St. Mary of the Annunciation Catholic Church is a Catholic church in Charleston, South Carolina, and was the first Catholic parish established in the Carolinas and Georgia. The current building at 93 Hasell Street and is the third structure to house the congregation on this site.

History 
The property and an old building were purchased in 1789. It was incorporated as the Catholic church in Charleston by the South Carolina General Assembly in 1791. The first structure was replaced by a brick church that burned in the Charleston fire in 1838.

The church was rebuilt quickly and reopened on June 9, 1839. It is a rectangular building, 84 ft (25.6 m) by 50 ft (15.2 m). It is built of brick with a stucco covering. There are four Doric columns that support a large entablature. The parapet wall at the top of the church was probably constructed around 1896. There are stained glass windows imported from Munich.

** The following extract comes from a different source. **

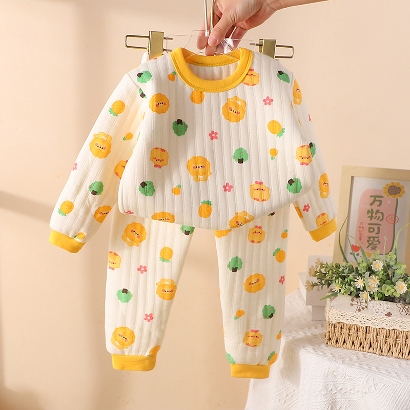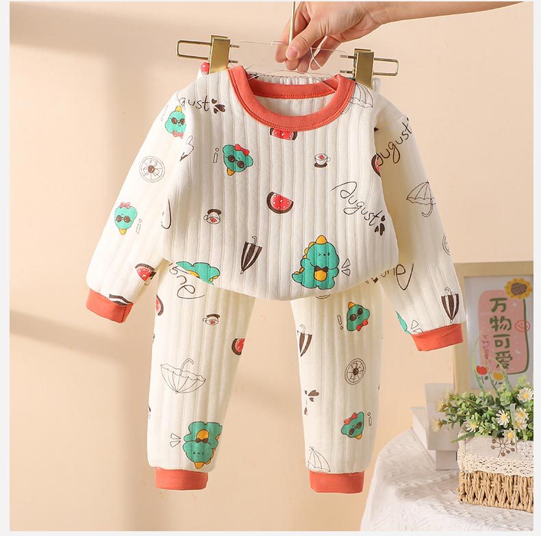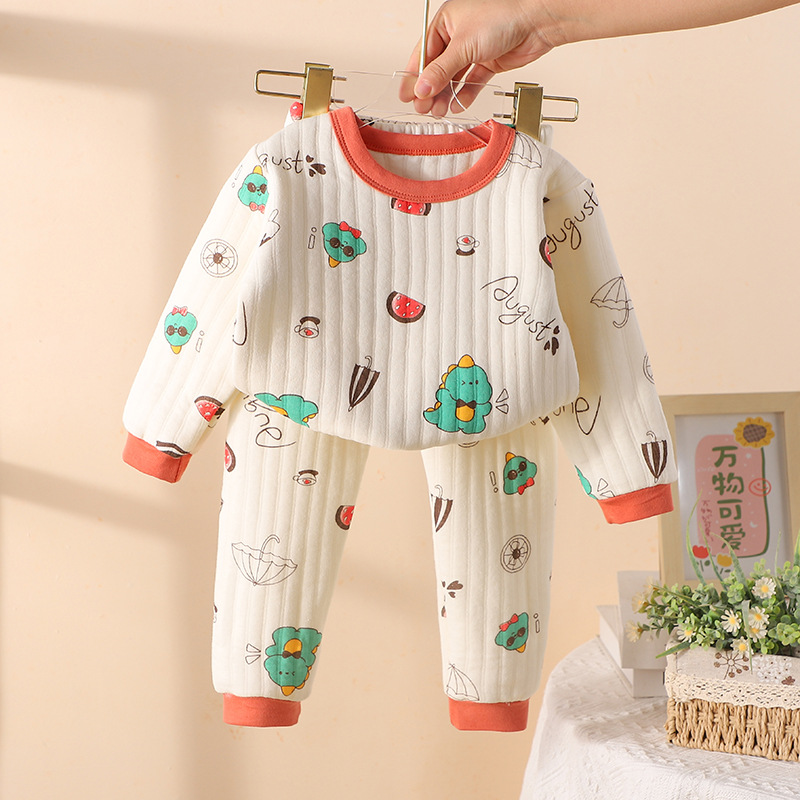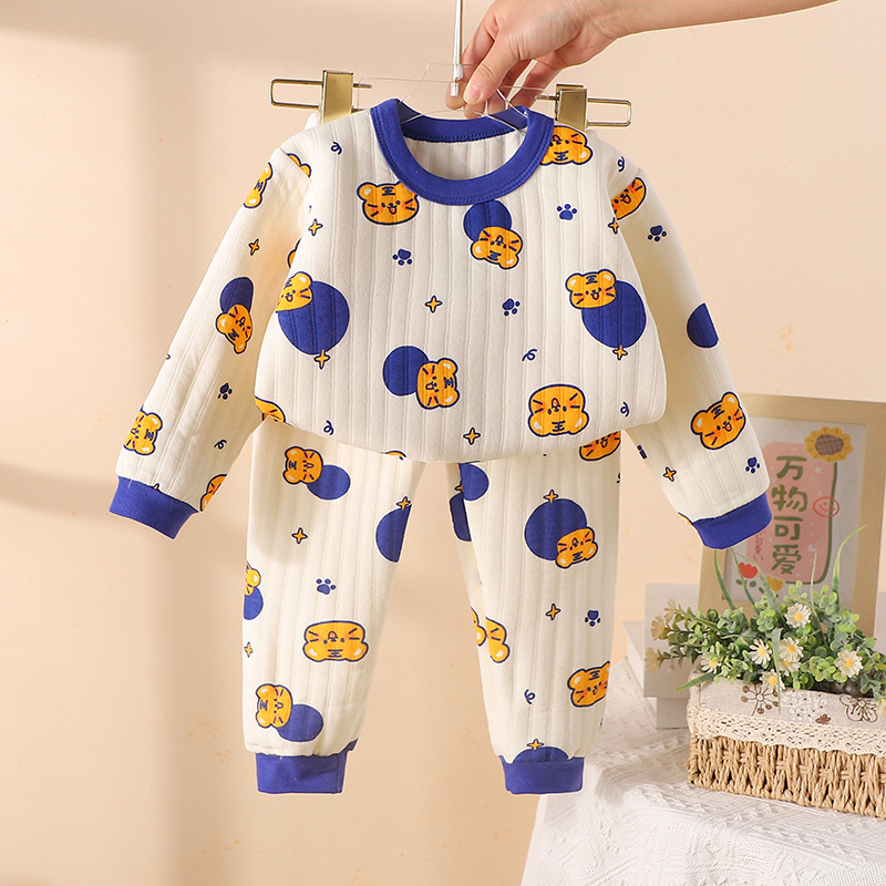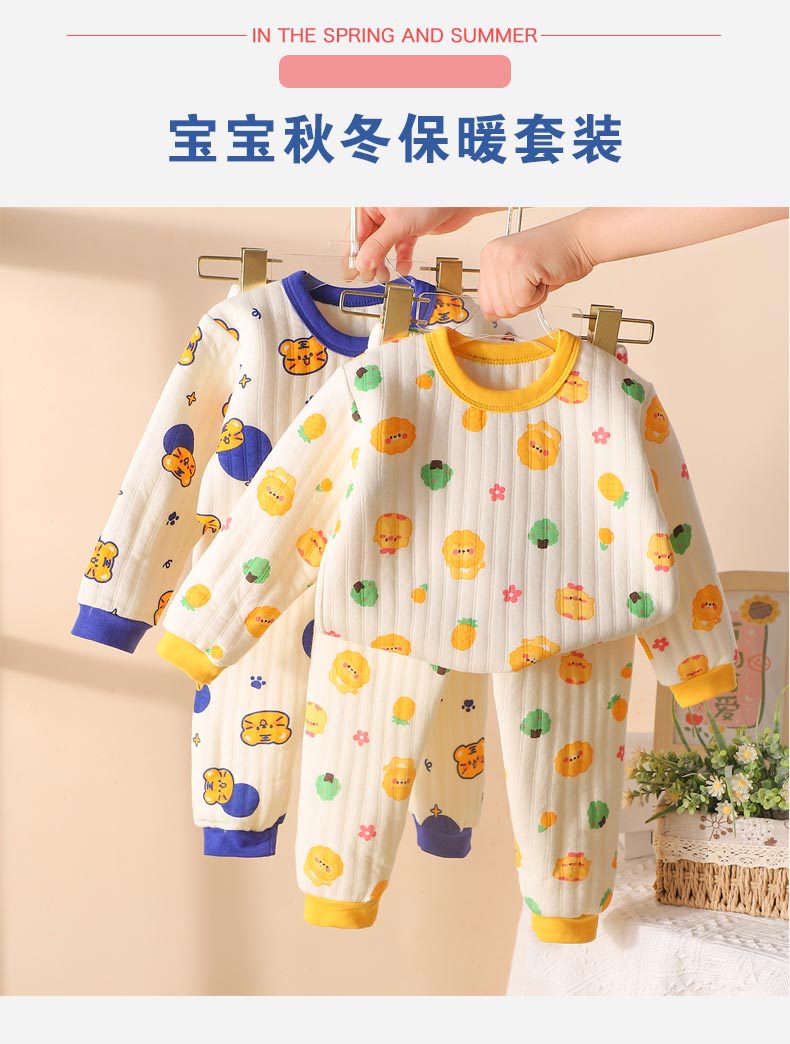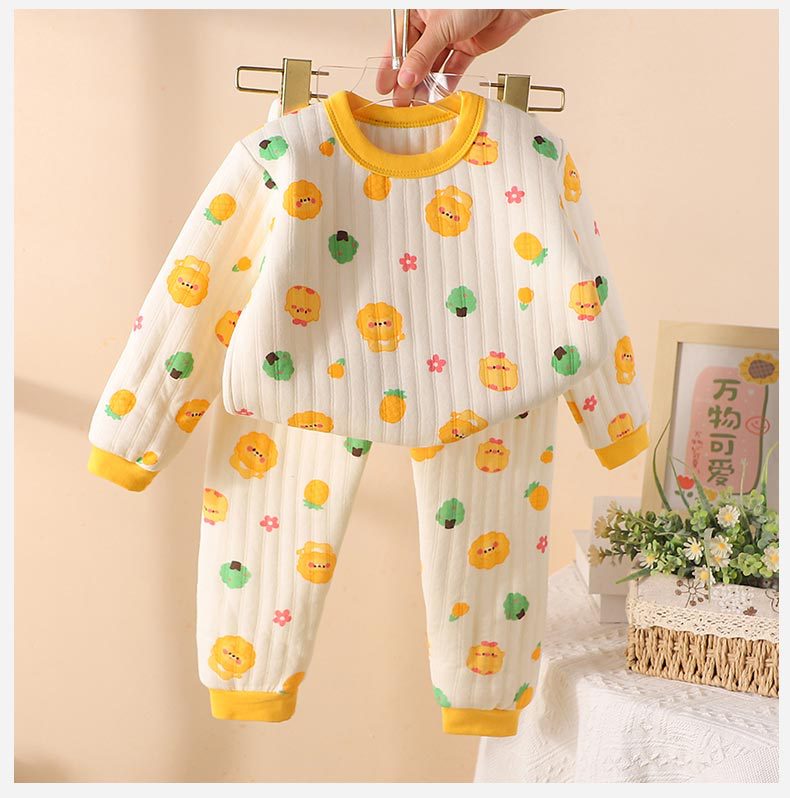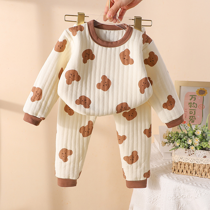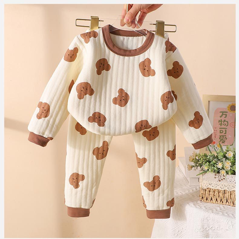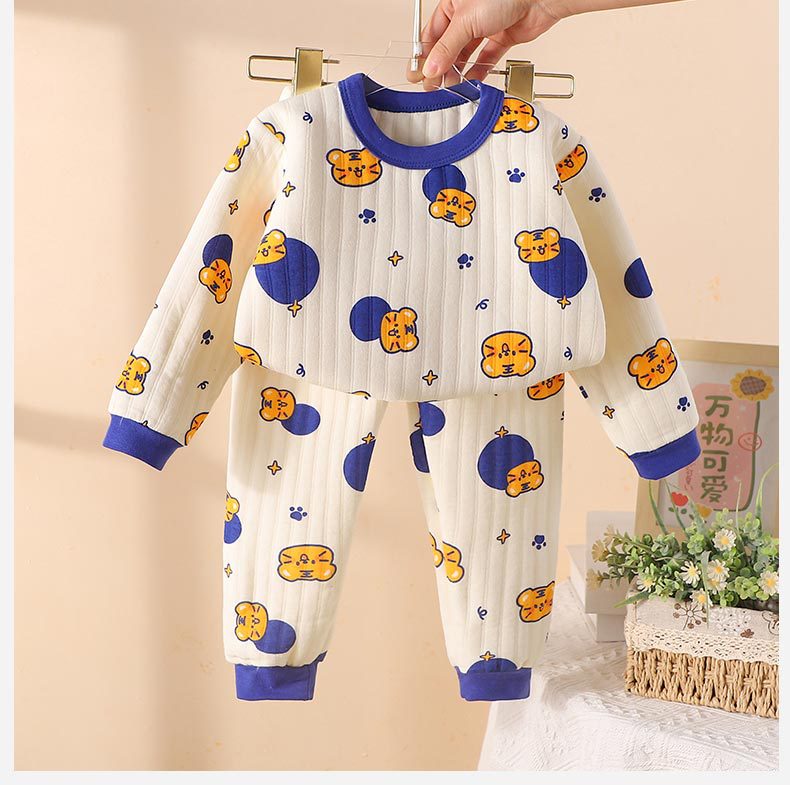 가을 겨울 신상 아동용 누빔 보온 내의 세트, 3중 보온 두꺼운 남아 여아 가을옷 가을바지 세트

The nave has a central aisle and two large rows of pews. There are smaller pews along the side aisles. Above the altar, there is a painting of the Crucifixion by John S. Cogdell. The artist donated this painting to replace an earlier painting he had done in 1814, which was destroyed in the fire. Much of the interior of the church was renovated during a three-month renovation in 1884. The church graveyard is on each side and to the rear of the church.

In the early 1980s, the neighboring Charleston Place complex was constructed, bordering the church on all sides. It was the only structure preserved on the lot, besides the few storefronts facing Meeting Street which were incorporated in the parking structure.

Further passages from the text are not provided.